Of course, Elisabeth Schussler Fiorenza is a feminist theologian, so she probably wouldn't make the cut of people who "really" count in some people's version of feminism. Which, again, is the problem. There is so much feminist theory coming from so many different fields, and to present one version of it as the One True Feminism is alienating, not enlightening.

JoGeek said...

Lori: I'm not surprised. There's been an increasing rift between academic and populist feminism in the U.S.

Anonymous said...

JennRose

Thanks JoGeek. You make so much sense. This also quickly dismisses the argument (and I am giving an extreme example) I am a white man and no one gave me a job. That sort of thing. You see things from all angles and that is so helpful.

Did I mention I love your writing style?

Anonymous said...

Thank you for restoring a bit of my faith in the non-asshattery of humanity; I lost a lot of it earlier this week. -- Vixen

Meowser said...

I read the Kyriarchy theory before and always liked it, but I really like what you've done with it here with your "food poisoning" example. I do think people forget that there are dozens of potential privileges and subprivileges, not just four or five, and that different situations weight them differently and that that complicates things quite a bit. And anyone who wants to revoke my feminist card over saying that needs to know that I had the damn thing before they were born.

Atchka! said...

This post is now officially a national treasure. I'm in favor of anyone that can explain such a complex social issue in such easy-to-digest terms. When I first read about "kyriarchy" the other day in the comments somehwere (was it you?) and was invited to "look it up," I did. Here's what I found:

"Kyriarchy is "a neologism coined by Elisabeth Schüssler Fiorenza and derived from the Greek words for 'lord' or 'master' (kyrios) and 'to rule or dominate' (archein) which seeks to redefine the analytic category of patriarchy in terms of multiplicative intersecting structures of domination....Kyriarchy is best theorized as a complex pyramidal system of intersecting multiplicative social structures of superordination and subordination, of ruling and oppression.'"
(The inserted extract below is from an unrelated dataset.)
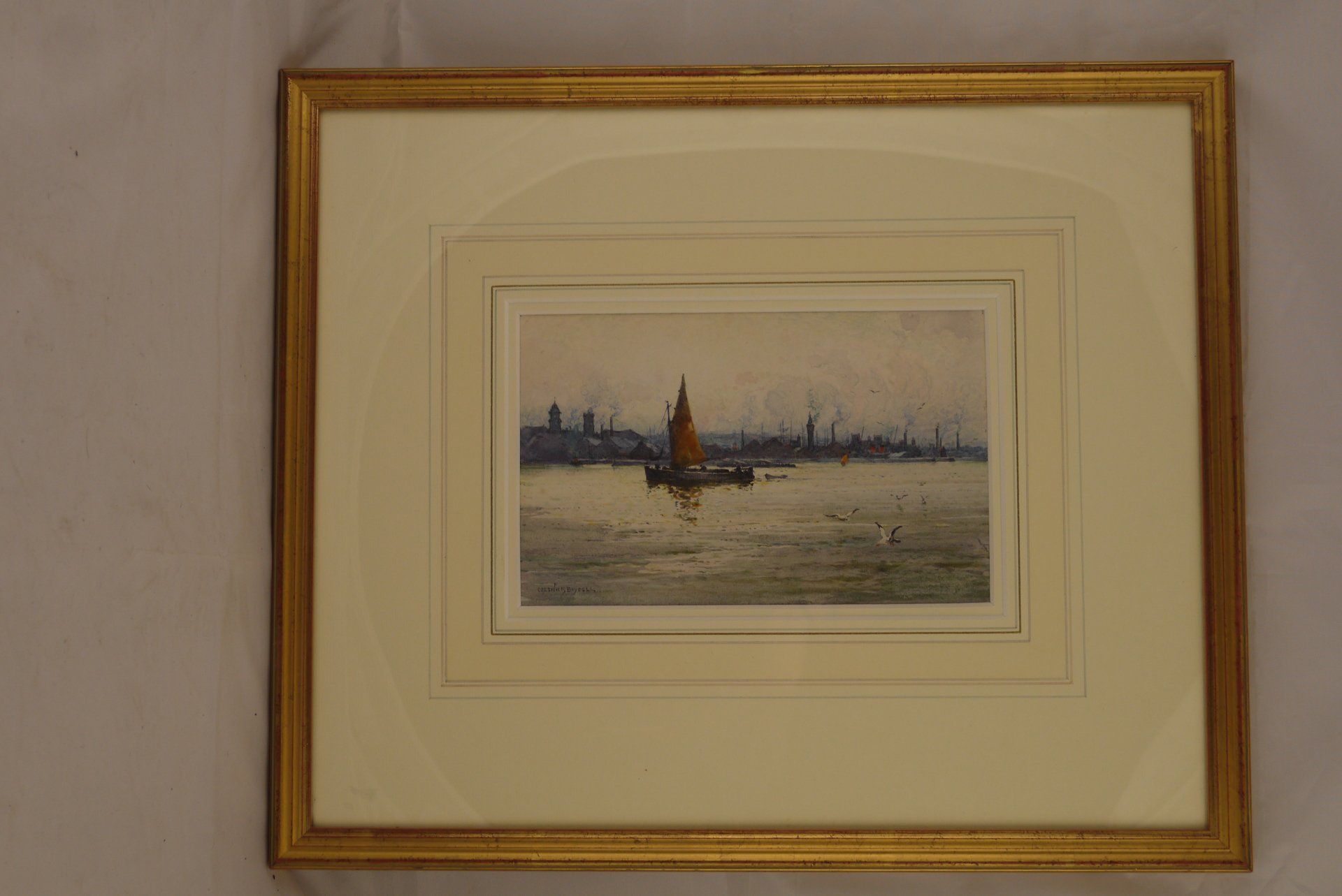Hely Augustus Morton Smith RBA FRSA (1862–1941) Exhibited at the following:-Royal Society of Artists, Birmingham; Dudley Gallery; Glasgow Institute of Fine Arts; Walker Gallery, Liverpool; Royal Academe; Royal Society of British Artists, Ridley; Royal Institute of Oil Painters; Royal Scottish Academy; Walker Gallery, London; Society of British Artists, Suffolk Street; St Ives Society of Artists 1934, and thirty seven Touring Shows. Signed, watercolour view on the river Thames. Framed size: 37.5cm high x 45cm.

After that, my brain 'sploded.

You've done a great service to the privilege conversation. Great job. :)

Peace,
Shannon

Bri said...

This is a great post, one which I am bookmarking for future reference. Thankyou!

Danny said...

Nice breakdown. This is an excellent way to show that having one particular characteristic is not the key to the kingdom that some say it is.

Anonymous said...

Thank you for this. I only had a vague idea of what kyriarchy was before this, and now it's a lot more concrete. Thank you so, so, so much.